This block handles the core data preprocessing pipeline that combines ECB speech data with French government bond yield information to create our modeling dataset.

- **ECB Speeches**: Complete textual content of European Central Bank communications from 2011 onwards
- **Bond Yield Data**: Daily French government bond spreads between different maturities (2Y, 10Y)

The `DataManager` class performs several key operations:

1. **Data Loading**: Loads both speech texts and corresponding yield curve data, ensuring proper date parsing and temporal alignment

2. **Target Variable Construction**: For each speech date, calculates the directional movement of yield spreads by comparing:
  - **Target 1**: 2Y-10Y spread movement (short-term vs medium-term rates)

3. **Classification Labels**: Converts continuous spread changes into directional classes:
  - `+1`: Spread widening (positive movement)
  - `0`: No significant movement
  - `-1`: Spread tightening (negative movement)

4. **Dataset Export**: Creates a clean, analysis-ready dataset with speech features aligned to their corresponding market impact labels

In [2]:
BASE_DIR = Path.cwd() 
manager = DataManager(
    speeches_csv=BASE_DIR / "Data/all_ECB_speeches.csv",
    rates_csv=BASE_DIR / "Data/data.csv",
    output_csv=BASE_DIR / "Data/dataset.csv",
    start_date="2011-01-01",
    force_binary=False
)

manager.load_speeches()
manager.load_rates()
manager.build_dataset()
manager.export_dataset()
manager.summary()

Final dataset exported to c:\Users\rabhi\Documents\Master 272 IEF - Dauphine\M2\S2\NLP\projet\Data\dataset.csv (1651 rows).
Summary of classes (target_1):
target_1
-1    847
 1    795
 0      9
Name: count, dtype: int64

Summary of classes (target_2):
target_2
 1    856
-1    776
 0     19
Name: count, dtype: int64


In [4]:
set_seed(69)

### Models application with Raw Features

This section implements our comprehensive machine learning pipeline to predict yield spread movements from ECB speech content using **raw TF-IDF features** without dimensionality reduction.

- **Feature Extraction**: TF-IDF vectorization with up to 50,000 features using unigrams and bigrams
- **Temporal Split**: Training on pre-2022 data, testing on 2022+ to simulate realistic deployment conditions
- **Feature Space**: Full high-dimensional representation preserving all textual information

Automated hyperparameter optimization using `generalized_gridsearch` across multiple algorithm families:
- **Linear Models**: Logistic Regression, Ridge, SGD
- **Tree-Based Ensembles**: Random Forest, XGBoost, LightGBM, Extra Trees, AdaBoost  
- **Instance-Based**: K-Nearest Neighbors
- **Probabilistic**: Naive Bayes (Multinomial)

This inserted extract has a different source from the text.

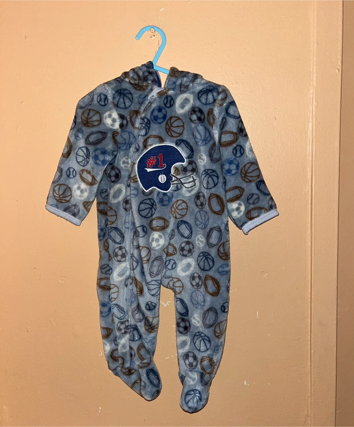1000+This adorable baby jumpsuit is made of soft fleece and features a fun sports print! It has a hood and long sleeves to keep your little one warm and cozy. The jumpsuit has a blue color scheme with football, basketball, and soccer ball designs all over. Size 3-6 months

Each model undergoes systematic grid search to identify optimal hyperparameters, ensuring fair performance comparison across different algorithmic approaches on the original feature space.

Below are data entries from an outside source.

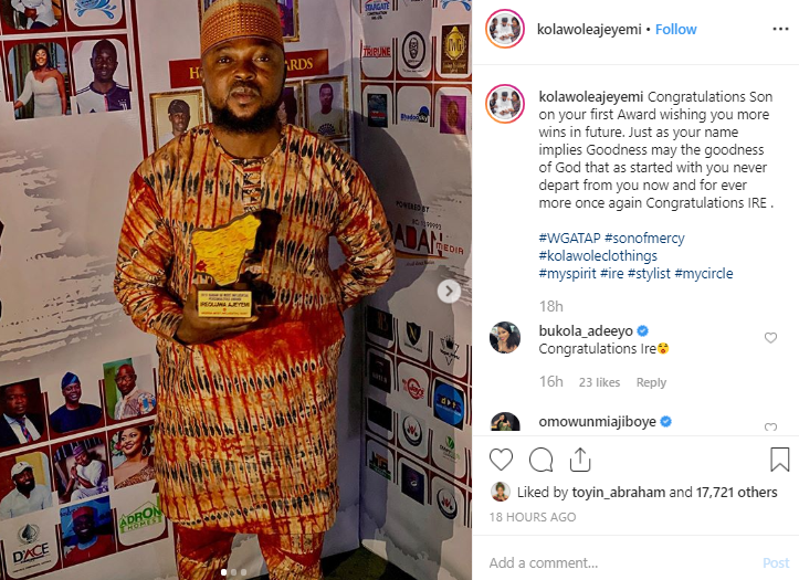 “Congratulations Son on your first Award wishing you more wins in future. Just as your name implies Goodness may the goodness of God that as started with you never depart from you now and for ever more once again Congratulations IRE .”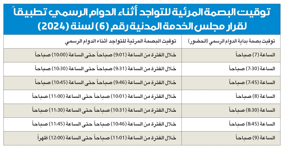 وحدد الديوان مواعيد تلك البصمة حسب أوقات الحضور لكل جهة، داعياً الجهات التي تطبق أنظمة تستخدم تطبيقات الهاتف الذكي في إثبات الحضور والانصراف، إلى تفعيل النظام، ليشمل البصمة المرنة لإثبات التواجد أثناء الدوام، وتفعيل خاصية بصمة الوجه.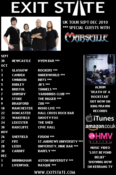 June 28th : Exit State : delighted to confirm UK Tour dates Sept-Dec 2010, including 16 gigs as special guests with NWOBHM legends Marseille. Tour flyer HERE

Final comparison using F1-macro score to balance performance across all directional movement classes, establishing baseline performance before applying dimensionality reduction techniques.

In [5]:
tv = TextVectorizer(
    dataset_csv="dataset.csv",
    text_cols=("speakers", "title", "subtitle", "contents"),
    target_cols=("target_1"),
    id_col="date",
    concat_text=False
)
tv.load()

X, y, vectorizer = tv.tfidf(target="target_1", max_features=50000, ngram_range=(1, 2))
X_tr, X_te, y_tr, y_te = tv.temporal_split(X, y, split_date="2022-01-01")

optimized_models = {}

result = generalized_gridsearch(LogReg(), X_tr, y_tr, X_te, y_te, verbose=False)
if result['best_model']:
    optimized_models["LogisticRegression"] = result['best_model']

result = generalized_gridsearch(RandomForest(), X_tr, y_tr, X_te, y_te, verbose=False)
if result['best_model']:
    optimized_models["RandomForest"] = result['best_model']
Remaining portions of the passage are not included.